The simple answer to both is yes and I am going to outline in this article how to put your first portfolio together, what to include and who to ask about including work related samples in your portfolio.
How to put your portfolio together
In today's digital age many people store their marketing work in PDF format or in the cloud which is great when you are submitting applications electronically. What happens though when you go to a face-to-face meeting? In this instance I would suggest using a formal business folder with inserts to put paper copies of your PDF's in. Definitely print in colour as you want this portfolio to have a WOW factor and think of whether you want to present the examples chronologically or thematically.
What to include in your portfolio
Firstly, look at the work you completed for projects at college/university. Does this showcase your full design and marketing capability? If so, definitely include this. If this is tricky, think about a brand you are keen on and put together a rebrand or a revamp so that you can show an employer what you can offer them. This is something you should be thinking about and implementing. Being able to show a recruiter visual examples of what you have learnt and what you can bring to an employer will mark you out from the crowd. This is especially the case in the digital world. We all have access to social media sites and setting up a website to showcase your skills not only allows a future employer to see your skills levels in programs such as HTML but also your creative skills in terms of formatting and layout. If setting up your own web page seems like an expense too far, what about volunteering your time to help a charity with their website or a family member who is running their own business? Hey presto you have some active sites to put on your CV and include in your portfolio.
If the digital space is where you want to build your career, don't be afraid to include relevant information from your Facebook, Twitter and LinkedIn accounts (note here the word ‘relevant’ and refer back to my earlier post on online profiles). I worked with a colleague who was passionate about working in digital marketing and social media but she didn't have any career experience so she wrote a blog about her time spent travelling. Not only was a great way to stay in touch with family and friends but it gave her a ready made portfolio of her writing style which really helped when it came to applying for work on her return.

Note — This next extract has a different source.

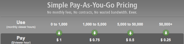 So a live stream watched by only 30 people for a half hour would cost $15, but a stream watched by 30,000 people for a half hour would cost $7,500. I am not sure how much a comparable content delivery network like Akamai would charge, but Ustream CEO John Ham says they are aiming for a comparable price. Watershed’s advantage being that customers only need to pay for what they actually use.
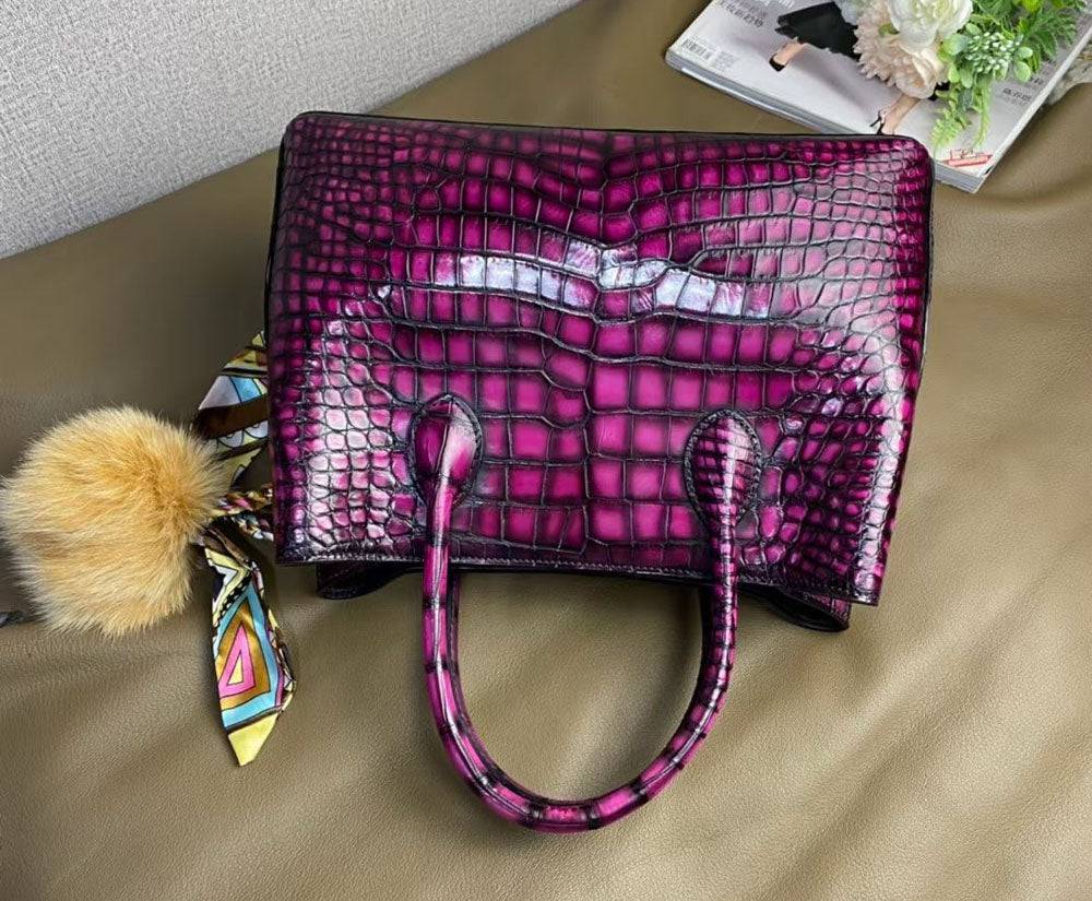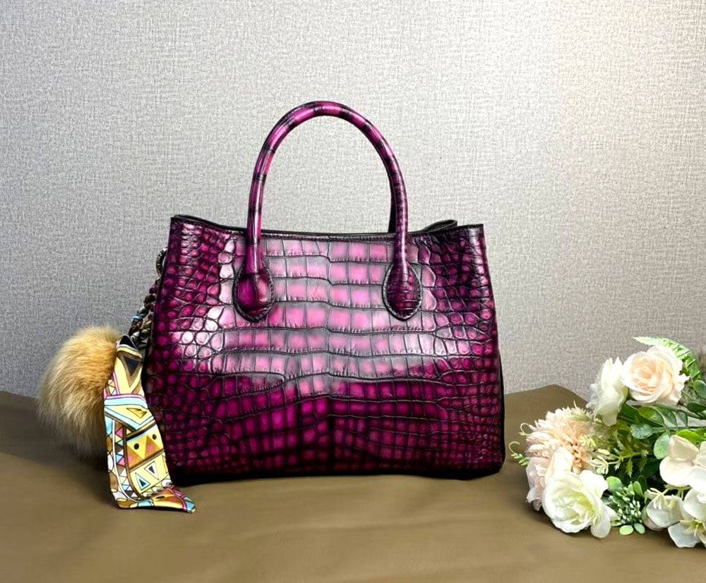 Bag: Vintage Genuine Crocodile Leather Top Handle Satchel Handbag Shoulder Bag Tote Purse Messenger Bags 30cm Purple

So now you have something to put in your portfolio, how do you collate it and perhaps more importantly when do you decide to attach it to applications?
When to include your portfolio
Of course the above example and advice is mainly tailored to those who don't have a lot of commercial experience, but the "when to attach" question still applies to those who have more experience and to my mind becomes the more important question. If you have built a good amount of web pages, online marketing campaigns across a diverse group of sectors think about what are the best examples to use. If you are applying for an Online Marketing role within a retail company with a strong online presence and you have worked in a similar business, definitely attach the relevant examples as it will show that you have thought through why you are the right person for the role and backed it up with evidence which will always get you response. I have recently placed a high-level Marketing candidate; they took the time to prepare a portfolio of relevant examples which they took to their face-to-face interview with my client. The interview went like a dream because their portfolio enabled the client to see specific examples of why the candidate was right for this. Inmy mind, this is the perfect example of how a marketing portfolio can enhance your application and interview process.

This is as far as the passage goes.